Beide indicatoren over de vermogenspositie van huishoudens in dit deel van het dashboard hebben een dalende, groene, trend. De Gini-coëfficiënt voor vermogensongelijkheid ligt net als de Gini-coëfficiënt voor inkomensongelijkheid tussen 0 en 1. Ook hier geldt hoe dichter bij nul, hoe gelijker het vermogen verdeeld is.
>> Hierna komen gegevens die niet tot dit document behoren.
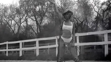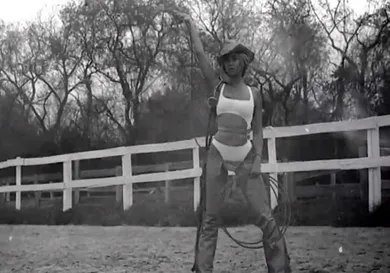 Queen Bey decides to play up 'Ye's cowgirl innuendos, getting suited up in the full uniform, including hat and lasso. We don't get any footage of Yeezus, but his verse plays for the duration of the trailer.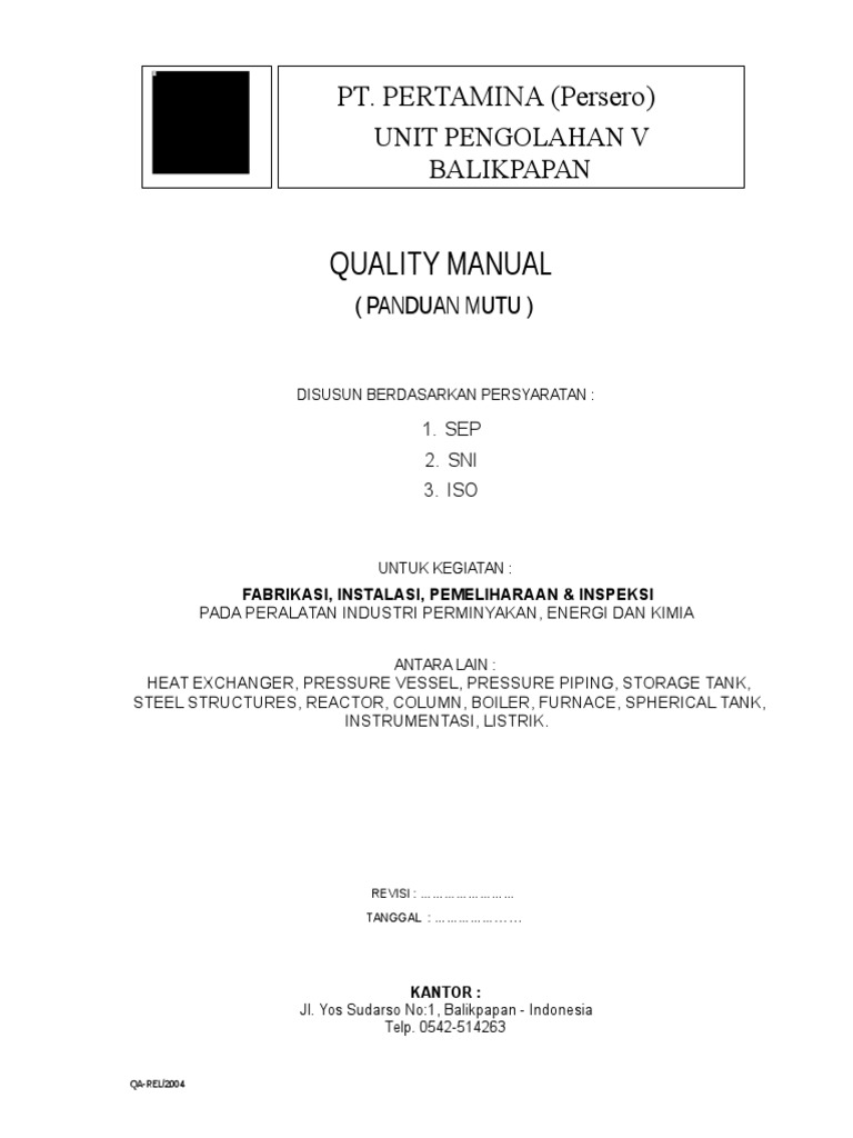 Quality Manual ini bersifat dinamis mengikuti Standard, Regulasi ataupun Code, sehingga

Deze Gini-coëfficiënt had in 2021 met 0,74 een relatief hoge waarde, maar de trend daalt. Dit hangt samen met de sterke stijging van de huizenprijzen, die de vermogensongelijkheid tussen huishoudens de afgelopen jaren verkleind heeft. Voor de lagere en middeninkomens vormt een koopwoning het belangrijkste vermogensbestanddeel. Bij rijkeren maken andere vermogensbestanddelen, die minder hard in waarde zijn gestegen, een groter deel van hun vermogen uit.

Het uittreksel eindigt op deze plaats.